Логин
Потому что пока я не вывалю из себя все, пока не выговорюсь, дальше никто тут не двинется. Чарльз уже серьезно страдает - не больше, чем летом, когда мы пересматривали Дневники Вампира, конечно нет; но страдает. Прилично. Просто он у меня как... Если бы я была Декстером, разрезая тела у себя на операционном столе, что бы я делала? Правильно - надела бы дождевик из Футуро... Футур... ебать мою жизнь, я начинаю забывать названия. Я действительно стара.
Короче, если бы я резала кого-то, я бы надела на себя полиэтиленовый пакет, чтобы не запачкать одежду, и вся кровь, выбрызгивающая из артерий, была бы на нем. Чарльз - этот пакет. Когда меня пидорасит, когда меня колбасит, когда я не могу есть неделями, когда у меня гиперактивность - вся кровь летит в него, потому что он - моя промокашка. Так что - ради Чарли - я хочу еще раз поговорить об этом. А может, и не только для него. Может, потому что вспоминать это - сплошное удовольствие.
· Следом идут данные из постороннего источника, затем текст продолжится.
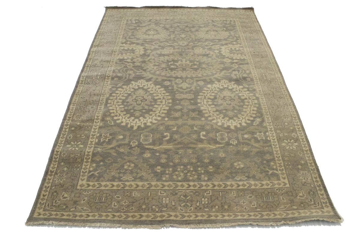 Hand Knotted 5'7X8'5 brown Oriental rug made with vegetable dyes (fine wool pile and cotton foundation), superior knot count, and alluring ancient designs. This Oriental rug never will go out of style and would be among your most valuable treasures.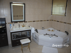 В PRESIDENTIAL SUITE: Гостинная с удобным гарнитуром, телевизор, DVD-система, столовая, кухня, бар, посуда на 12 персон, две спальни с французской и раздельными кроватями, кондиционер, сейф (бесплатный), кабельное телевидение, телефон, доступ к интернету, выход на террасу из всех комнат, вид на море, две ванные комнаты( в одной -душ с гидромассажем, во второй - джакузи), фен, косметика, халаты, тапочки, кимоно. Шампанское, фрукты – в подарок.
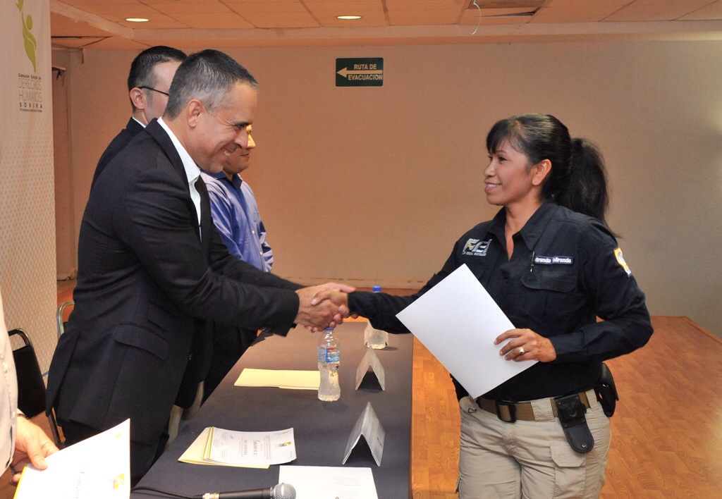Los reconocimientos fueron entregados a los agentes de la PEI por el Presidente de la Comisión Estatal de Derechos Humanos, Raúl Arturo Ramírez Ramírez; y por el Procurador General de Justicia del Estado, Carlos Alberto Navarro Sugich.
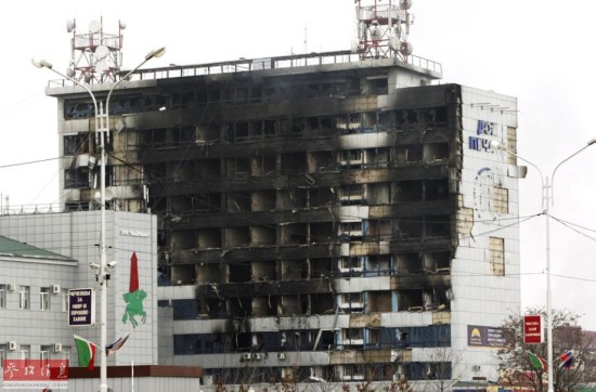 这是12月4日在俄罗斯车臣共和国首府格罗兹尼拍摄的遭袭的大楼。俄罗斯车臣共和国首府格罗兹尼4日遭到车臣武装分子袭击,俄安全部队随即对武装分子展开军事行动,击毙7名武装分子。新华社/路透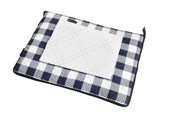 Praktyczny rozkładany koc piknikowy marki Vanilla Season. Wykonany z wytrzymałego materiału Oxford z wypełnieniem z poliestru. Dolna strona koca wykonana jest z wodoodpornej tkaniny Oxford 210D. Koc ma niebiesko-biały pikowany wzór, w złożonym stanie zamykany na zamek błyskawiczny, posiada regulowany uchwyt do noszenia oraz białą kieszonkę o wymiarach 24 × 32 cm. Rekomendowana technologia druku: […]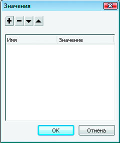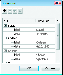 Щелкните знак «+», чтобы добавить элемент в свойство dataProvider. Щелкните знак «-», чтобы удалить элемент. Щелкните стрелку вверх, чтобы переместить выделенный элемент вверх по списку, или стрелку вниз, чтобы переместить его вниз. На следующем рисунке показано диалоговое окно «Значения», в котором создается список имен и дней рождения детей.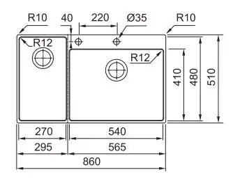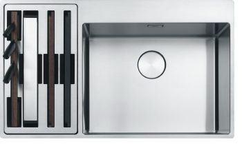 Model: BWX 220-54-27 A Omarica: 90 cm Dimenzije: 860 x 510 mm Izrez: 840 x 490 mm (R = 10 mm) Velikost posode: 540 /410 /200 + 270 /480 /200 mm Vgradnja/namestitev: Slim Top ali ploskovgradna Material: polirano nerjaveče jeklo Ventil: ekscenter PopUp ventil in ročno Regulacija ventila: potisni gumb iz nerjavečega jekla ali ročno Preliv: integriran preliv s pokrivno ploščico Izvrtina za armaturo: 2x 35 mm izvrtina za armaturo in gumb Delovna plošca: minimalna debelina 12 mm Vključeno v setu: 7 dodatkov Izdelek je sestavljen iz 2 paketov (št.artikla): - Velika posoda desno 127.0558.824 = 127.0543.037 + 112.0544.226
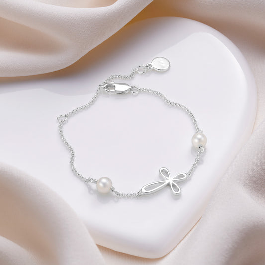 Cherish Cross Pearl Bracelet - Sterling Silver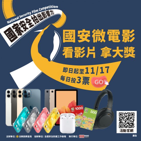 | 二、 | 為提升全民國安意識,法務部調查局舉辦「國家安全 拍出影響力」百萬微電影徵件暨網路人氣票選抽獎活動,以寓教於樂方式讓民眾瞭解維護國家安全之重要性。 |

Все начинается прямо на рельсах. В километре от дома - железная дорога, и надо перебраться через две полосы путей, чтобы оказаться на таком длинном, вытянутом лугу, который раньше уходил в лесок, а теперь его надвое разрезает КАД. По поводу трассы ничего сказать не могу, так как она меня почему-то радует; может, ее построили вовремя, потому что я в принципе ненавижу все, что начинается на ИНДУСТР и заканчивается на ИАЛИЗАЦИЯ.
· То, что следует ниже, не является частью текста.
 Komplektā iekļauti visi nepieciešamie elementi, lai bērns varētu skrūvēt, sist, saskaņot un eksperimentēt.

За путями - какой-то игривый скат, маленький холмик, утыканный кустами так, что пока идешь, думаешь: ну все, еще шаг - и я в Нарнии. Только вот - иронично - всю жизнь, когда я проходила по этой тоненькой тропке, меня клонило скорее куда-то в Тома Сойера; в 2014 я посмотрела фильм "Камила и вор" и все поняла.
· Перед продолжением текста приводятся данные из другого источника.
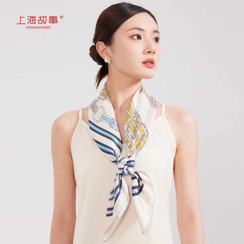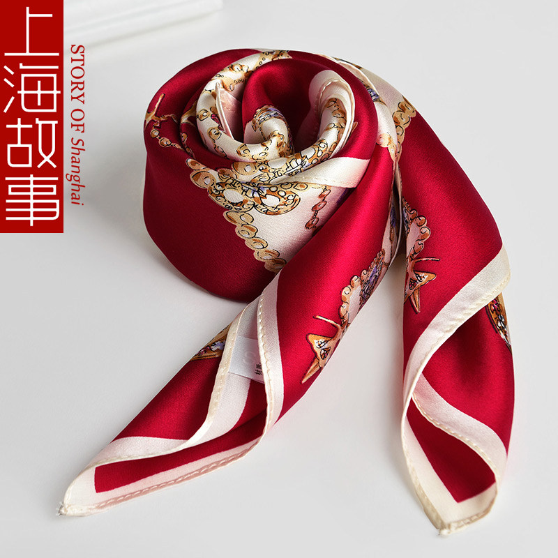 上海故事小方巾真丝发带桑蚕丝丝巾女春季送妈妈围巾礼物披肩防晒
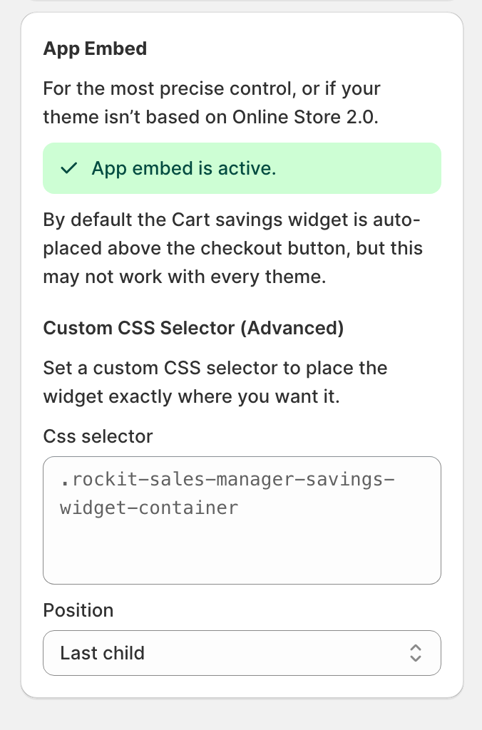- Optionally, use a custom CSS selector to control the exact placement
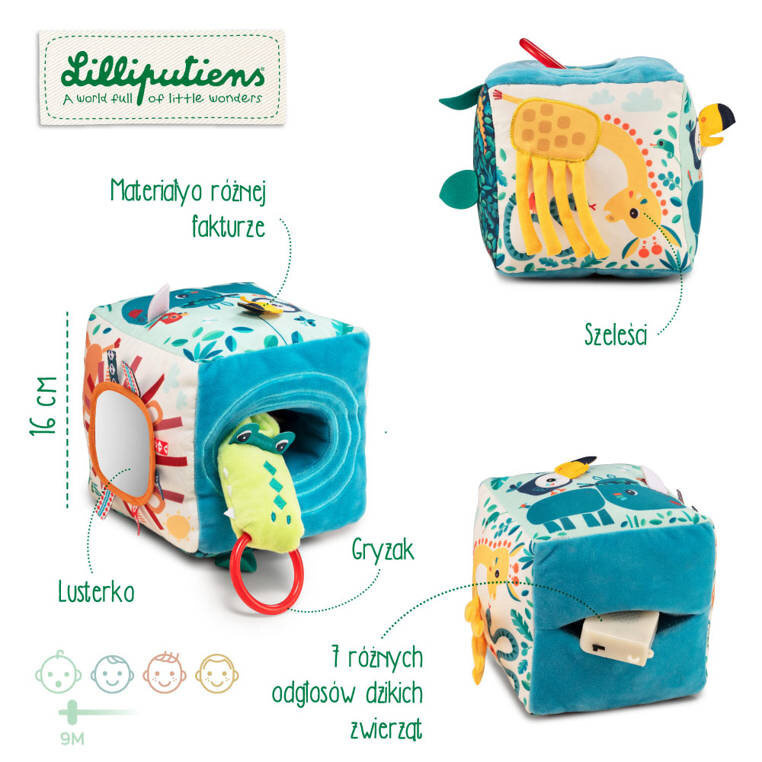 Miękka wielofunkcyjna dźwiękowa kostka aktywizująca Dżungla belgijskiej marki Lilliputiens to doskonałe źródło rozrywki i nauki dla maluszków otwartych na świat. Na niemal każdym z boków znajduje się charakterystyczny dla marki bohater z tropików: żyrafa Zia posiadająca długie nogi pełniące funkcję wypustek sensorycznych, Lew Jack z miękkim lusterkiem w miejscu głowy, Nosorożec Marius z odstającym rogiem wykonanym z filcu, Tukan Pablo z dziobem, za którego można złapać, zarośla z liśćmi ze strukturalnej tkaniny, jak również ukryty wewnątrz kostki Krokodyl o imieniu Anatol – można go wydobyć chwytając za gryzak (pod postacią kołka), który trzyma w pysku. Kostka została uszyta z materiałów o różnych wzorach i fakturach, co podkreśla olbrzymią wartość zabawki pod kątem rozwoju sensorycznego. Jedną z głównym atrakcji zabawki jest umieszczona wewnątrz i uruchamiana za pośrednictwem przycisku pozytywka z odgłosami 7 dzikich zwierząt: lwa i papugi, tukana, krokodyla, małpy, węża i słonia. Dzięki zabawce maluch prędko nauczy się je rozpoznawać, a jego zmysł słuchu będzie przy tym aktywizowany. Ta miękka kostka do zabawy jest solidnie wykonana i w 100% bezpieczna. Pobudza dziecięcą wyobraźnię, zachęca do snucia opowieści, odgrywania ról i odtwarzania sytuacji, znanych z życia. Zabawka zachęca najmłodszych do wykonywania wielu czynności jak: zamykanie otwieranie, chwytanie, przesuwanie co bez wątpienia pomoże rozwijać małą motorykę. Interesujący design i kolorystyka aktywizują również wzrok dziecka, a obręcz-gryzak – przynosi ulgę w trudnym okresie ząbkowania. To doskonały pomysł na prezent zarówno dla chłopca jak i dla dziewczynki od 9 miesiąca życia.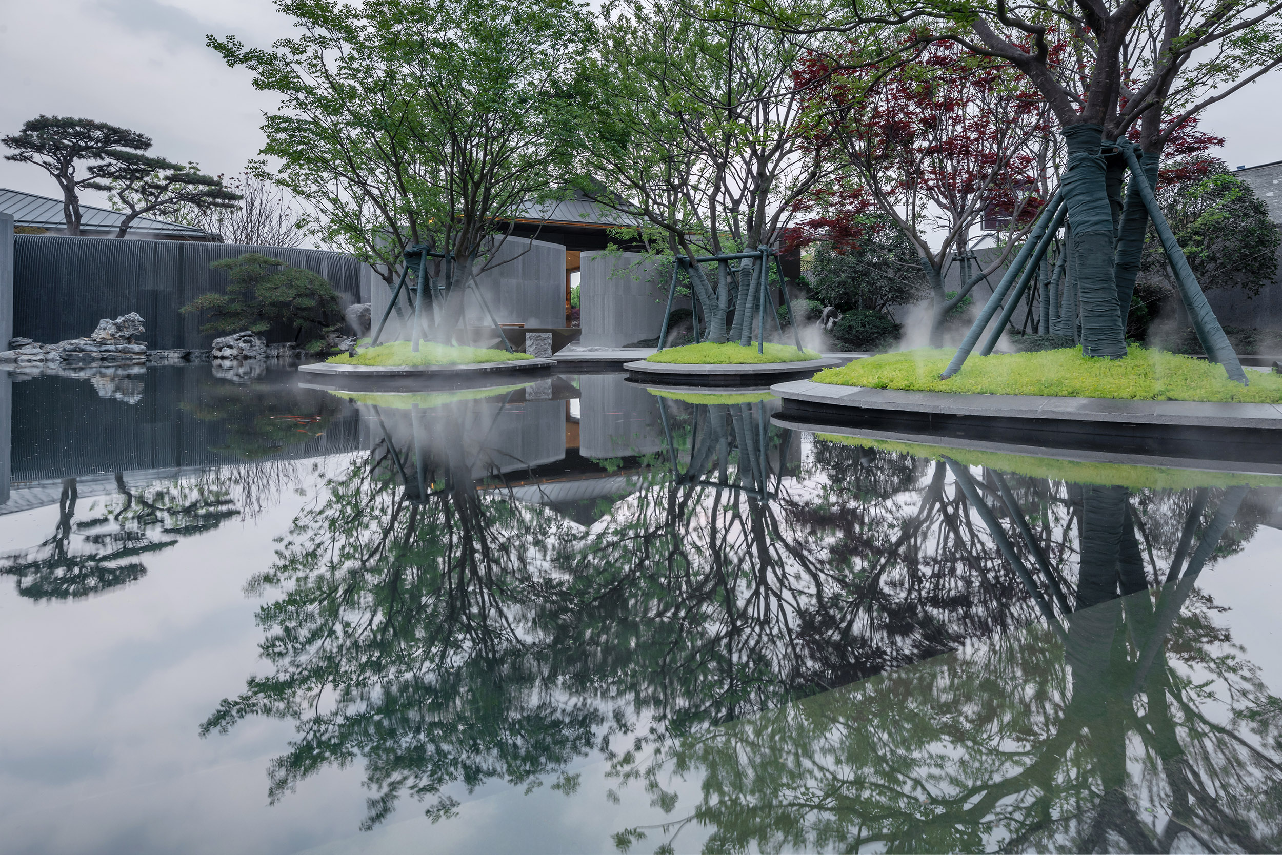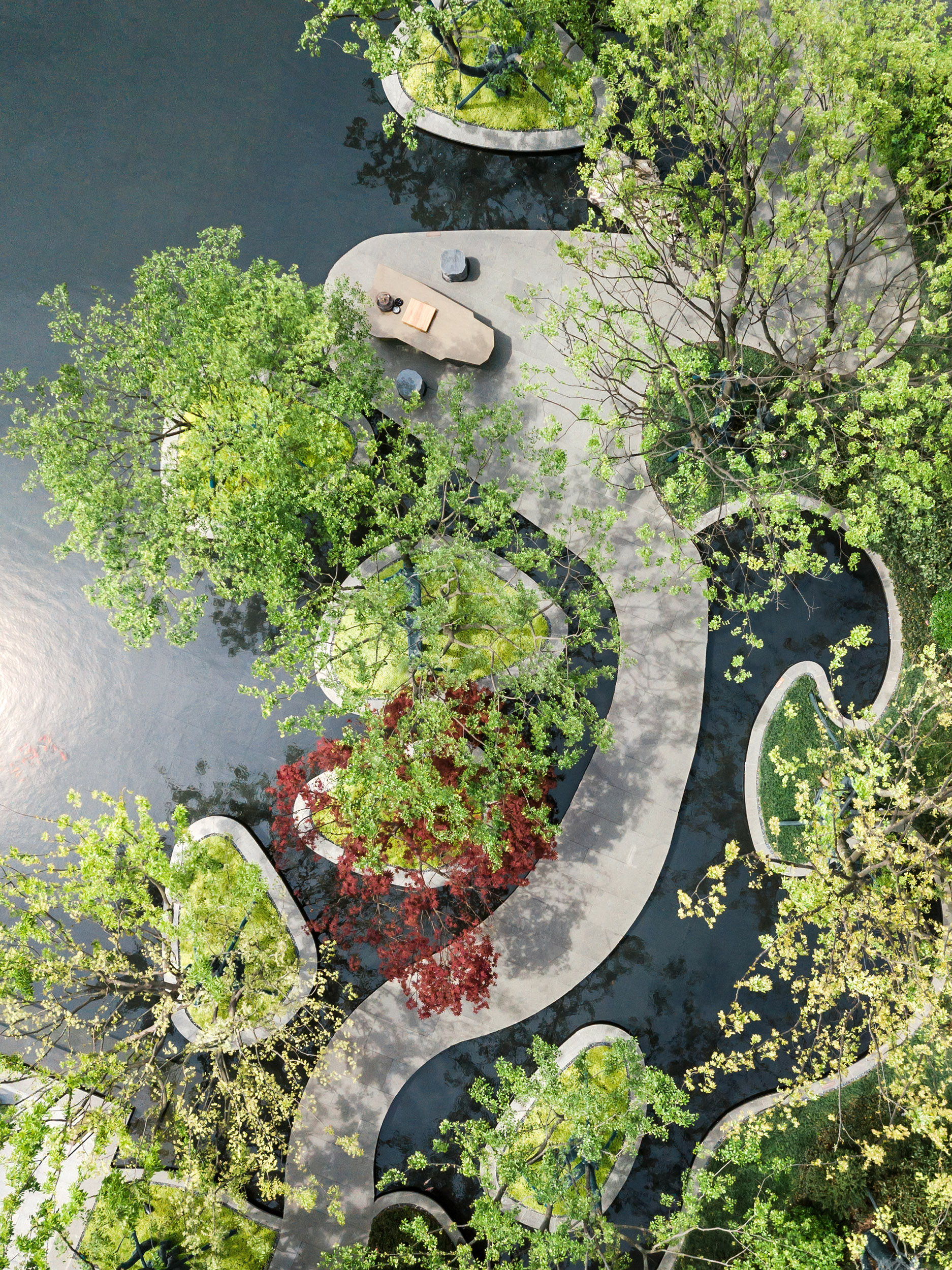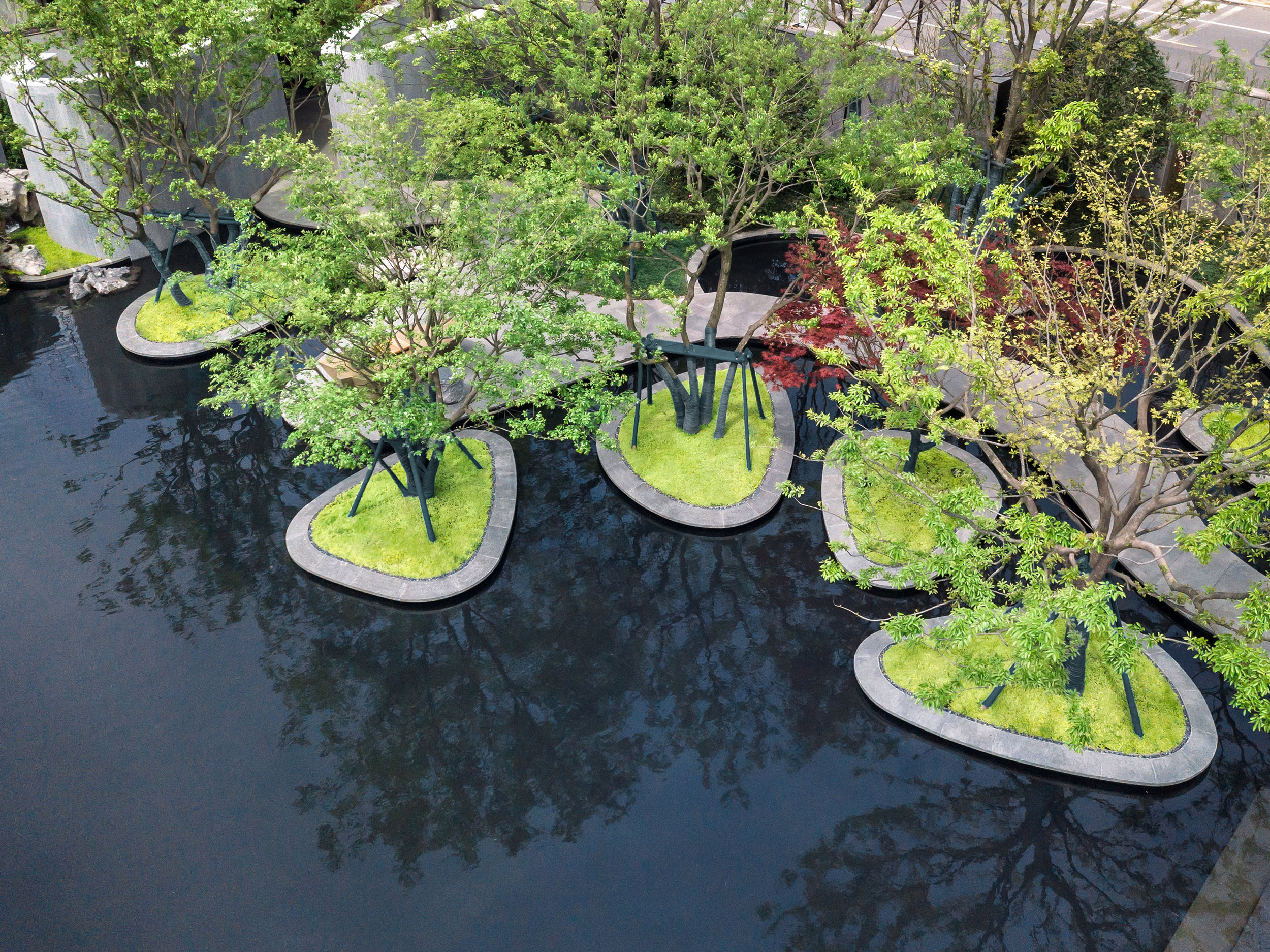 The soft curved water breaks the sense of seriousness of the space, and the verdant green spots are placed in it. Giving users the experience while visiting the backyard of the mansion garden, but feeling like being in the courtyard among the mountains and forests.

Это - Долина Зеленой Жопы. Я до сих пор, уже переехав в другой район, проделываю немалый путь в летние деньки, только для того, чтобы погулять по Долине Зеленой Жопы, пройти ее, ухлестываясь крапивой по шее, войти в Нигду и, проскользив по ее закругленным улочкам, выйти на шоссе за город. Это чудесный путь. Я открыла это место заново уже когда мне было 14 лет; после своей ядерной зимы. Первой зимы, после которой каждая зима была ядерной. "Я иду по улице и понимаю, что вот-вот просто упаду замертво, и снежинки взовьются вверх, и все будут просто проходить мимо, потому что я умру, не умерев".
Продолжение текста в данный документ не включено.